## Work required
Word for word, repeat the data; no picture should appear in the result.

## Information supplied
..............................

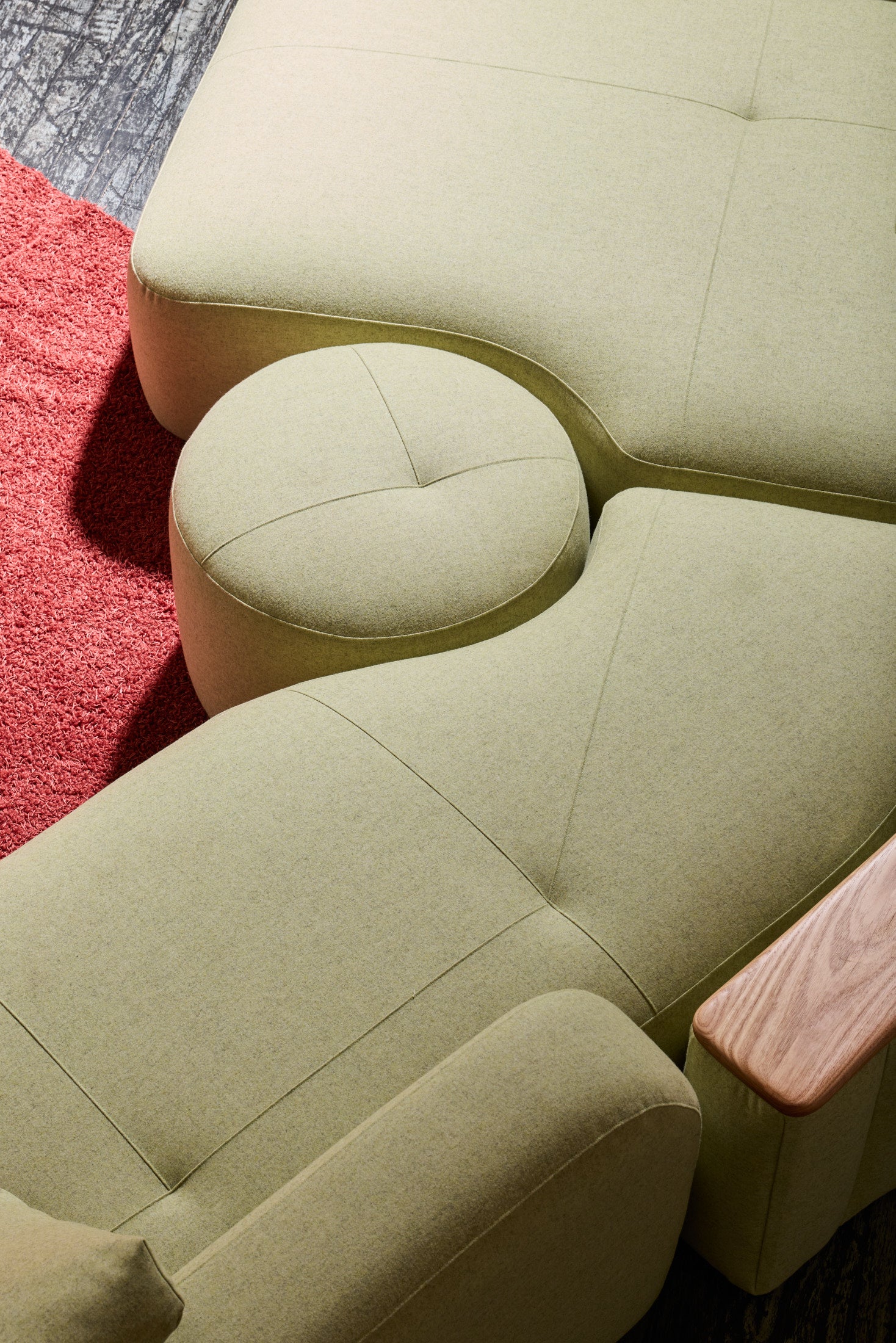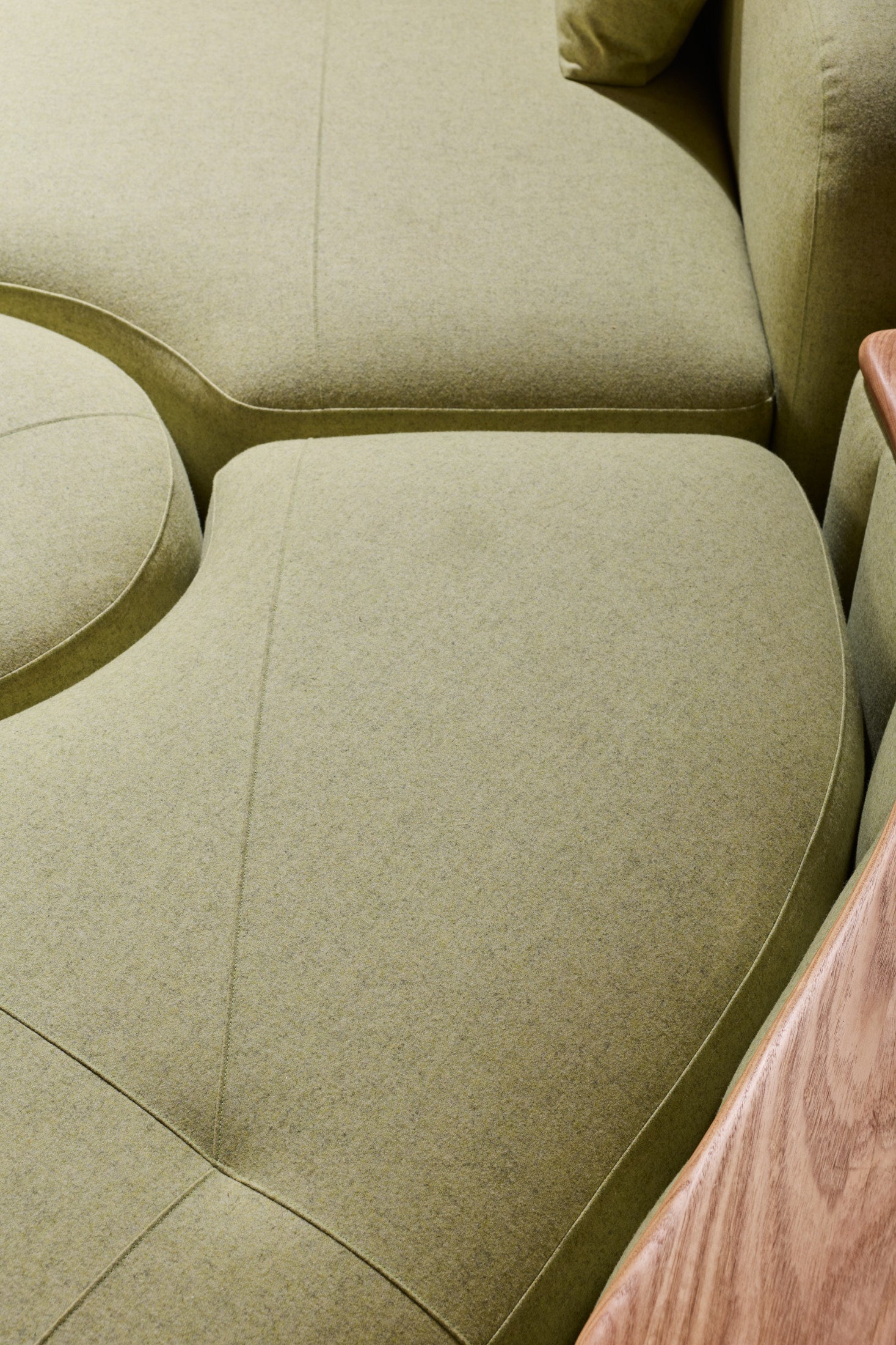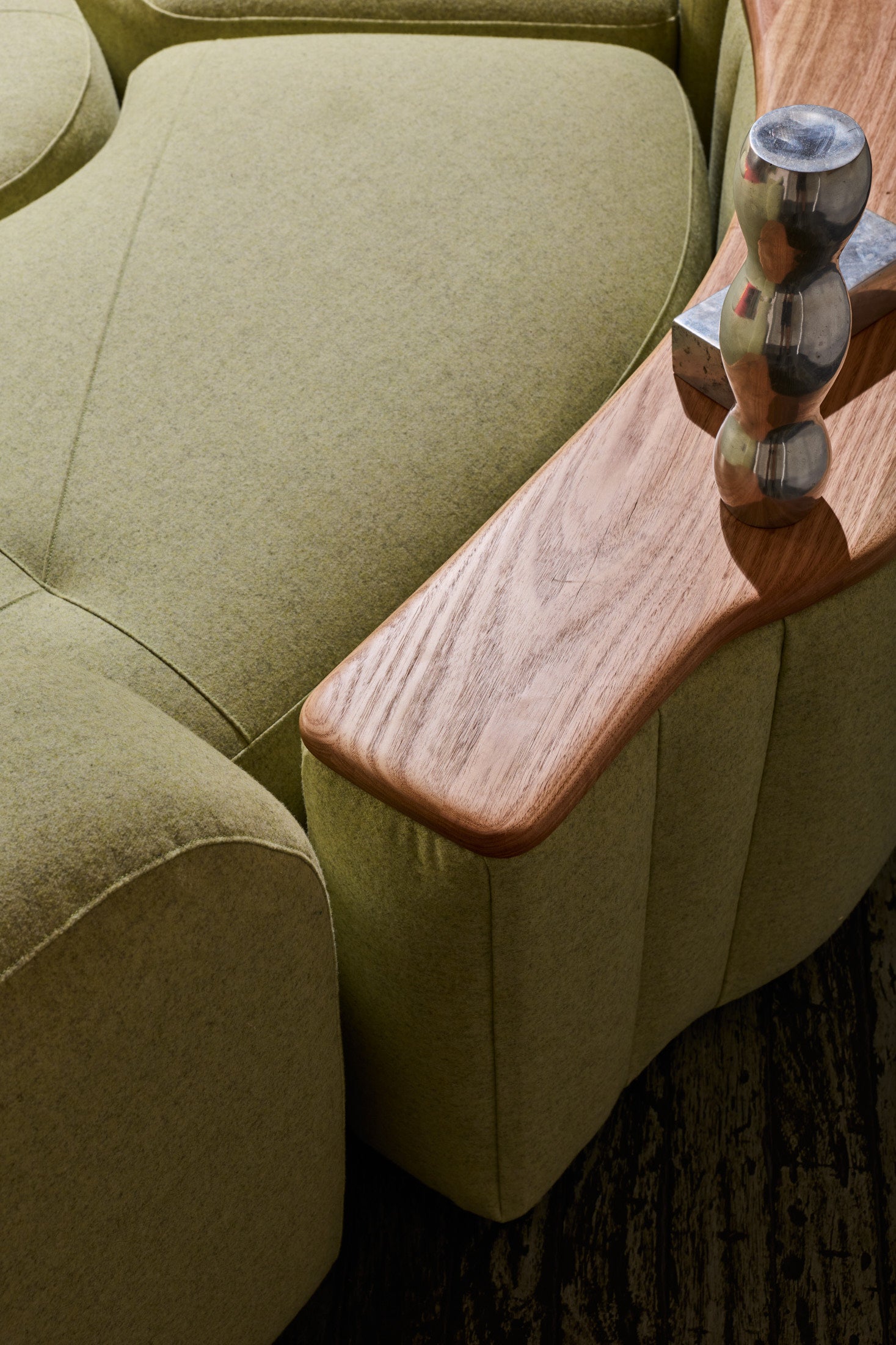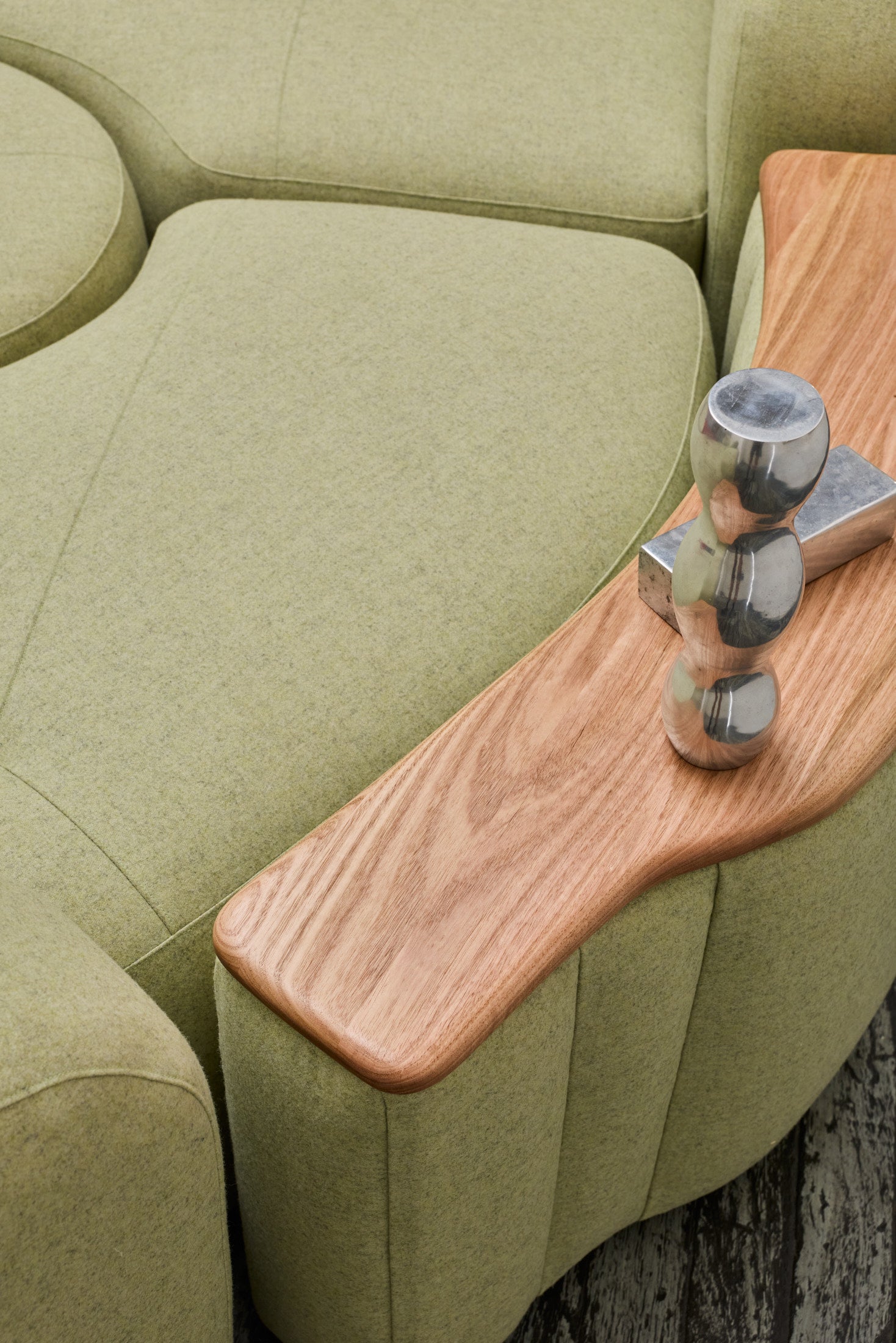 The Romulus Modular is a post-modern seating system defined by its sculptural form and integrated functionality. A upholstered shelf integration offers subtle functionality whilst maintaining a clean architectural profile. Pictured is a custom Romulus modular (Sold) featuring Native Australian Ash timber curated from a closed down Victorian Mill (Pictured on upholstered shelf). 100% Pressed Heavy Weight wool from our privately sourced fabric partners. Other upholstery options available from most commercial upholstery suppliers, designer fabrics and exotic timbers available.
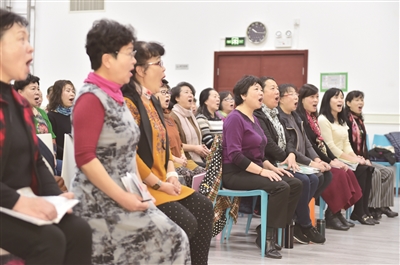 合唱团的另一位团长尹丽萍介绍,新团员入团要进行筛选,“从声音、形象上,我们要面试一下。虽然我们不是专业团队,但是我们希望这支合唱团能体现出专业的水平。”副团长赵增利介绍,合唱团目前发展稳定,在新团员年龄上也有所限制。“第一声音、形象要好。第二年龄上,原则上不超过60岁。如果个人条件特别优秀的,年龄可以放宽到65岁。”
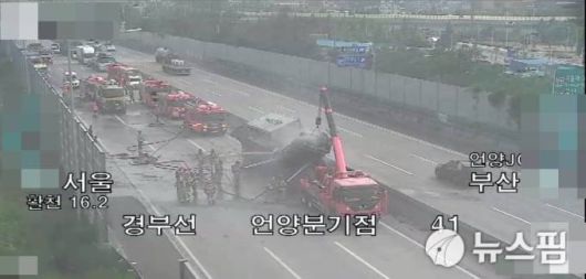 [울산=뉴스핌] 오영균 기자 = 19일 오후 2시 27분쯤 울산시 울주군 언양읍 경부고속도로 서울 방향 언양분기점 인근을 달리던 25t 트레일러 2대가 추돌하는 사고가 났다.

..............................

## Task solution
 The Romulus Modular is a post-modern seating system defined by its sculptural form and integrated functionality. A upholstered shelf integration offers subtle functionality whilst maintaining a clean architectural profile. Pictured is a custom Romulus modular (Sold) featuring Native Australian Ash timber curated from a closed down Victorian Mill (Pictured on upholstered shelf). 100% Pressed Heavy Weight wool from our privately sourced fabric partners. Other upholstery options available from most commercial upholstery suppliers, designer fabrics and exotic timbers available.
 合唱团的另一位团长尹丽萍介绍,新团员入团要进行筛选,“从声音、形象上,我们要面试一下。虽然我们不是专业团队,但是我们希望这支合唱团能体现出专业的水平。”副团长赵增利介绍,合唱团目前发展稳定,在新团员年龄上也有所限制。“第一声音、形象要好。第二年龄上,原则上不超过60岁。如果个人条件特别优秀的,年龄可以放宽到65岁。”
 [울산=뉴스핌] 오영균 기자 = 19일 오후 2시 27분쯤 울산시 울주군 언양읍 경부고속도로 서울 방향 언양분기점 인근을 달리던 25t 트레일러 2대가 추돌하는 사고가 났다.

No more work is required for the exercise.